One of y'all found me over at *The BBQ Bretheren* and said I needed to post something up, so here is yesterday's dinner.

*The Menu*
Garlic and Herb Crusted Prime Rib
Pan Seared Ocean Scallops with Brown Butter and Thyme
Lemon Parmesan Green Beans
Chevre Bruschetta

*Garlic and Herb Crusted Prime Rib*
Choice prime rib dry brined with kosher salt for six hours.
Then slathered in a 2:1 mix of A1 steak sauce and Worcestershire sauce.
Rubbed generously with Prairie Dust herb mix and minced garlic, wrapped in plastic wrap and held overnight.
Trussed up tightly with butchers twine to give it a uniform shape and thus cook evenly.
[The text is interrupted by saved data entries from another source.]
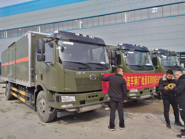 此次吉林楊總采購我公司解放牌火工品運輸車,為軍區所運輸爆破物品,黑火藥,導火索等,認可了我公司生產的廂體品質,以及對于細節焊接的工藝,對于和軍區合作該車輛,我公司全心全力投入到生產計劃當中,而對于能夠和軍用所需車輛合作,是對我公司生產車輛的一種驕傲與自豪。
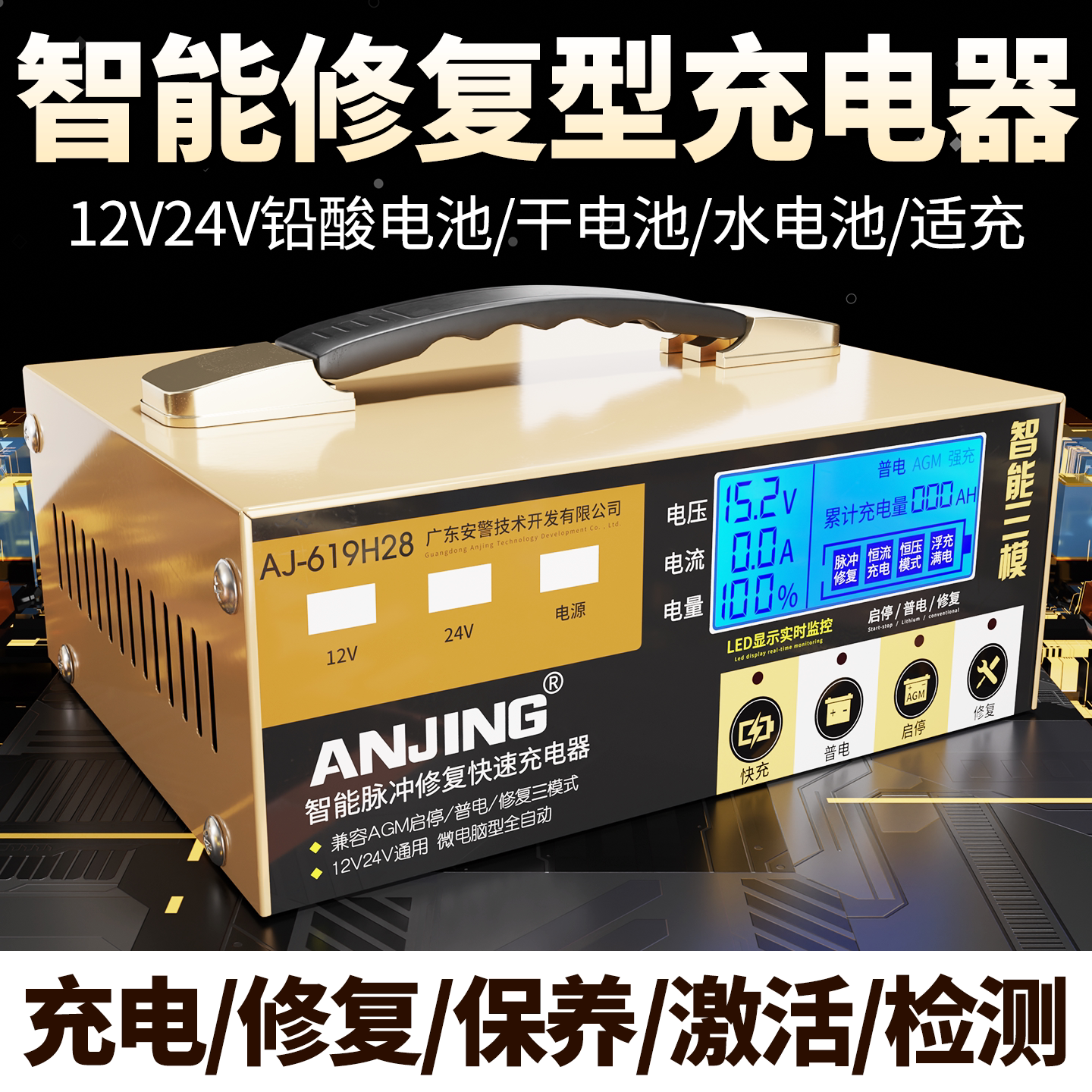 汽车电瓶充电器12v24通用智能修复充满自停大功率启停铅酸蓄电池
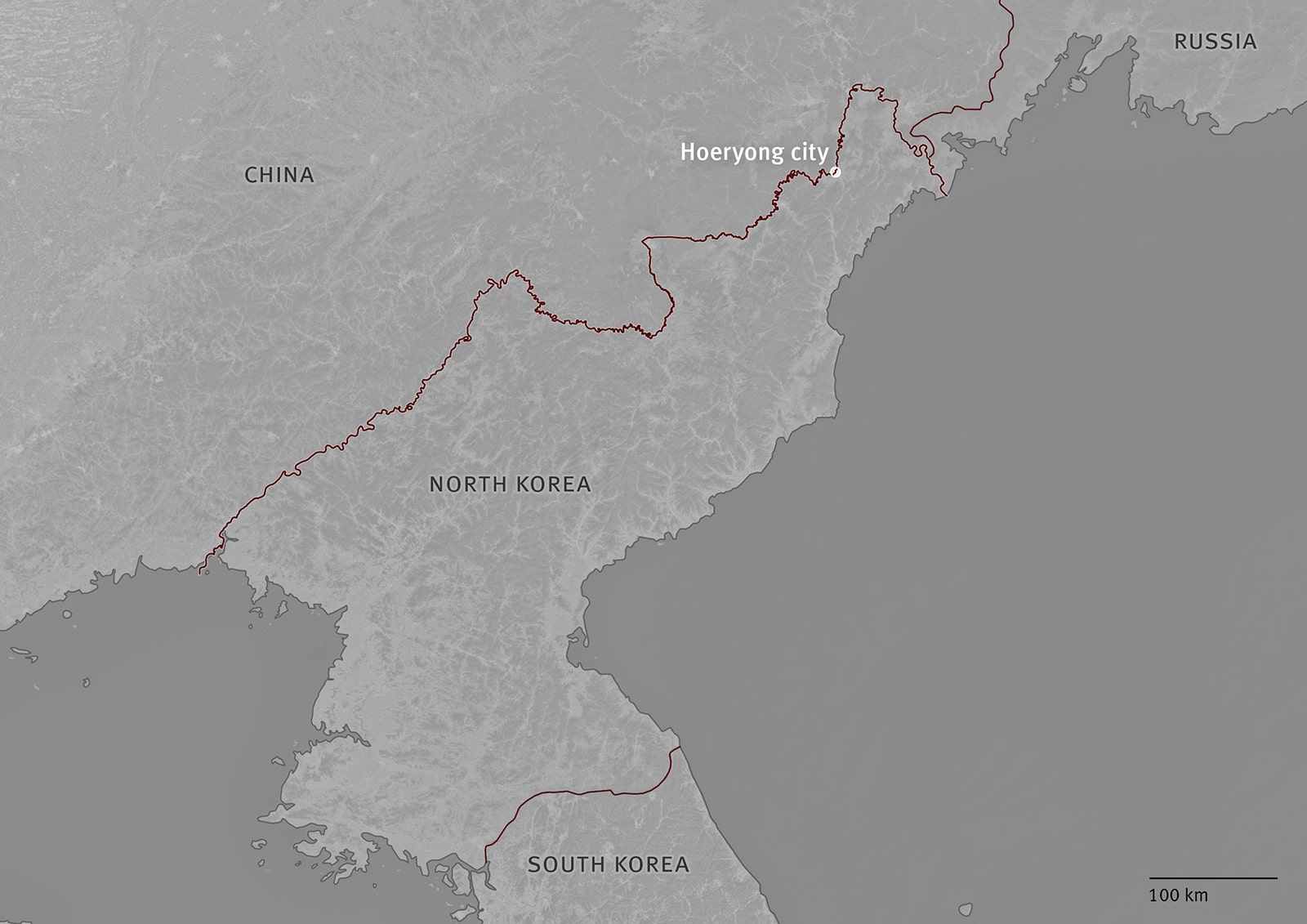Five of the areas are located along the border with China and one along the border with China and Russia. (In November 2022, Human Rights Watch published the findings of one of the six areas, covering 7.4 kilometers around Hoeryong city, North Hamgyong province.)

Fired up the smoker with hickory, 225°-250°, averaged 238° over the five hour cook.
Pulled at an IT of 130° in the center of the roast, wrapped in foil and finished my other dishes.
About an hour later it was time to slice it... Oh Man!




























*Pan Seared Ocean Scallops with Brown Butter and Thyme*
U-12 size Ocean Scallops seasoned with salt and pepper, pan seared in a mix of olive oil and butter.
Then basted with a thyme infused Brown Butter sauce.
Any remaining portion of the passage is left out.